At 2, the Arduino compares the values of the pressed keys against the PIN stored in the array PIN
at 1. If the correct sequence is entered, the function correctPIN()
at 3 is called, where you can add your own code to execute. If an incorrect sequence is entered, the function incorrectPIN()
at 4 is called.
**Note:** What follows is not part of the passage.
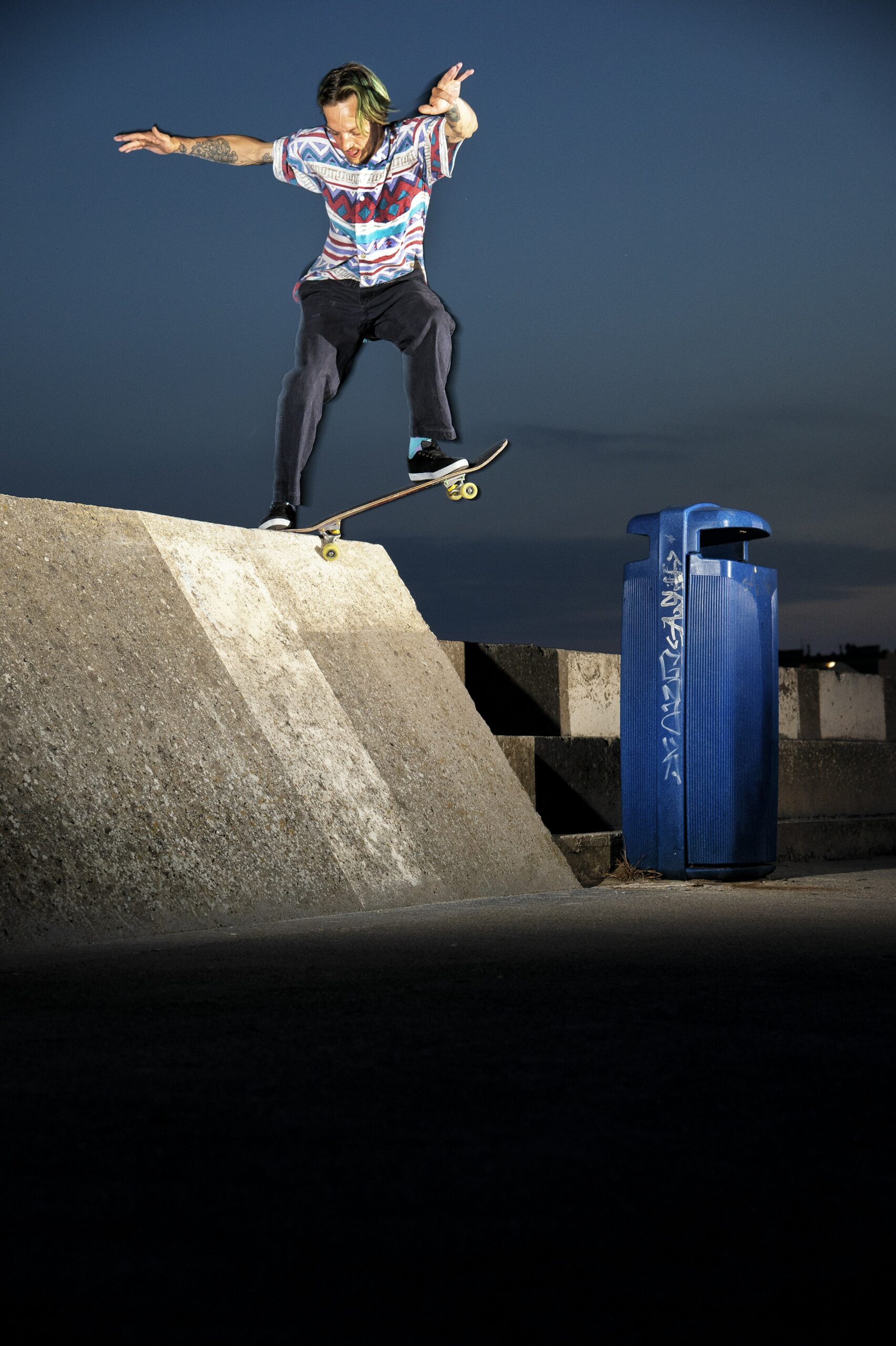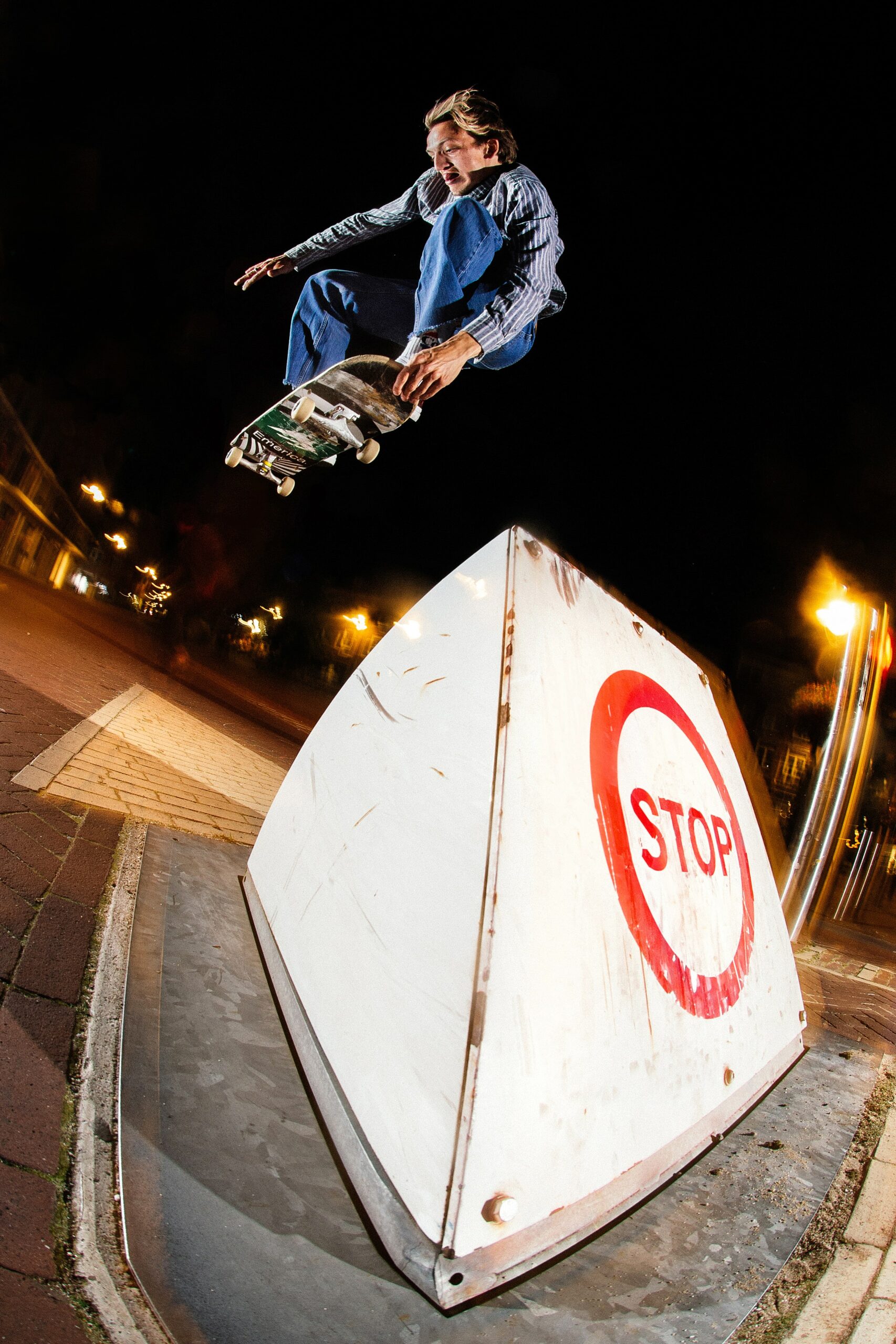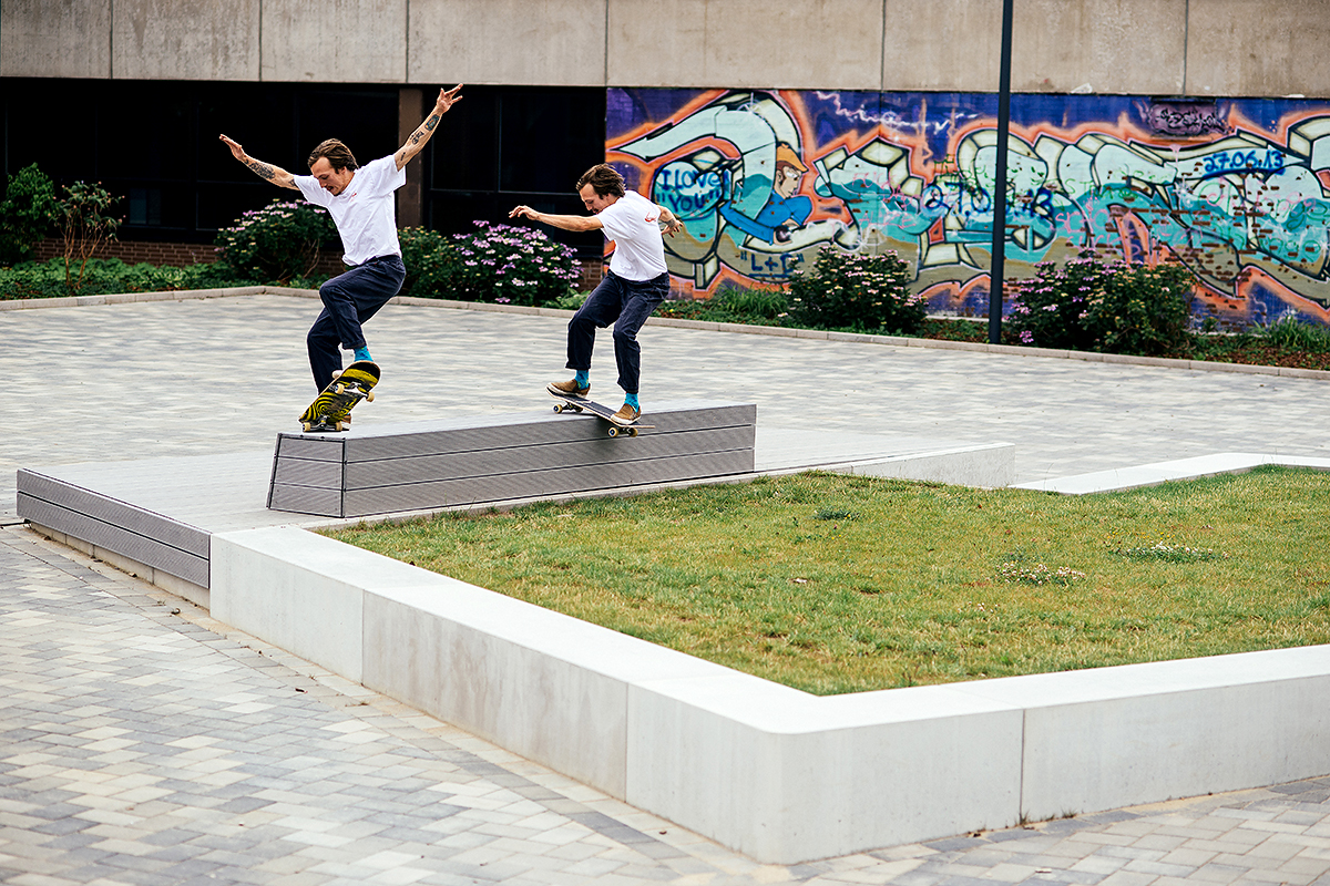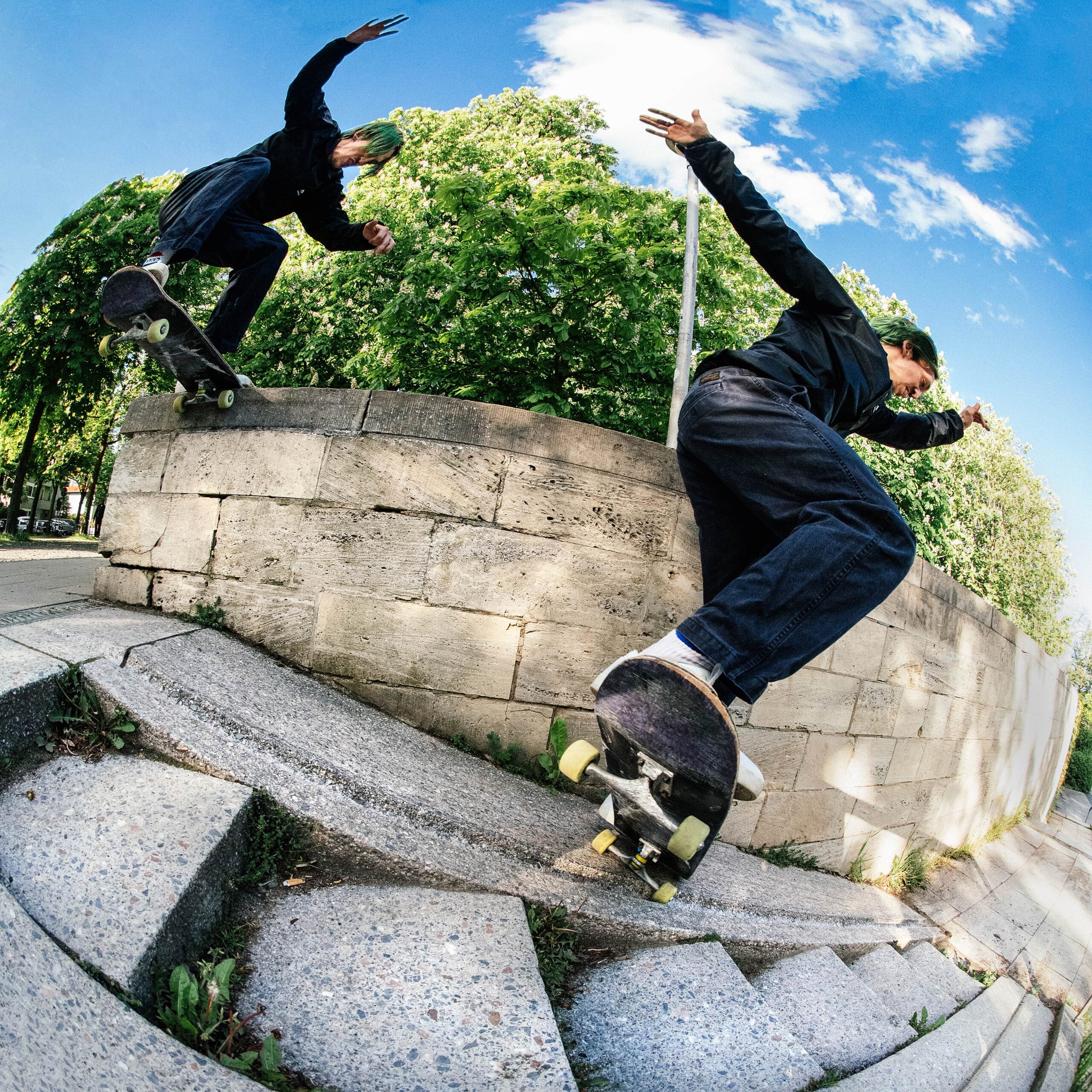 André kenne ich schon ziemlich lange. Um ehrlich zu sein, weiß ich gar nicht so genau, wie lange überhaupt. Auf jeden Fall war er damals noch ein kleiner Junge, der mir dadurch auffiel, dass er durch die Skatehalle Walhalla flowte wie sonst kaum einer. Er war schon immer jemand, der anders war. Sein Style, seine Tricks, sein Aussehen. Alles war irgendwie besonders. Auf eine Art und Weise, die man gar nicht so richtig in Worte kleiden kann. André bringt mich und wahrscheinlich auch viele andere durch seine Art zu skaten immer wieder zum Staunen und Grinsen. Es macht einfach Spaß, ihm zuzuschau en, weil so viel Kreativität in ihm steckt. Man weiß nie, was als Nächstes kommt.

Finally, once the user’s entry has been checked, the code deletes the entry from memory so the code is ready for the next test.
After you’ve uploaded the sketch to your Arduino, open the Serial Monitor window, press star (*
) on the numeric keypad, type the secret number, and then enter the pound sign (#
). Try entering both correct and incorrect numbers. Your results should be similar to the output shown in Figure 11-4.
This example serves as a perfect foundation for your own PIN-activated devices, such as locks, alarms, or anything else you can imagine. Just be sure to replace the code in correctPIN()
and incorrectPIN()
with the code you want to run when a correct or incorrect sequence is entered.
You have learned yet another way to gather input for your Arduino. You’ve also gained the foundational knowledge to create a useful method of controlling a sketch using a numeric keypad, as well as the foundations for a combination lock to access anything that your Arduino can control. Furthermore, you’ve learned the very useful switch case
statement. In the next chapter, you’ll learn about another form of input: the touchscreen.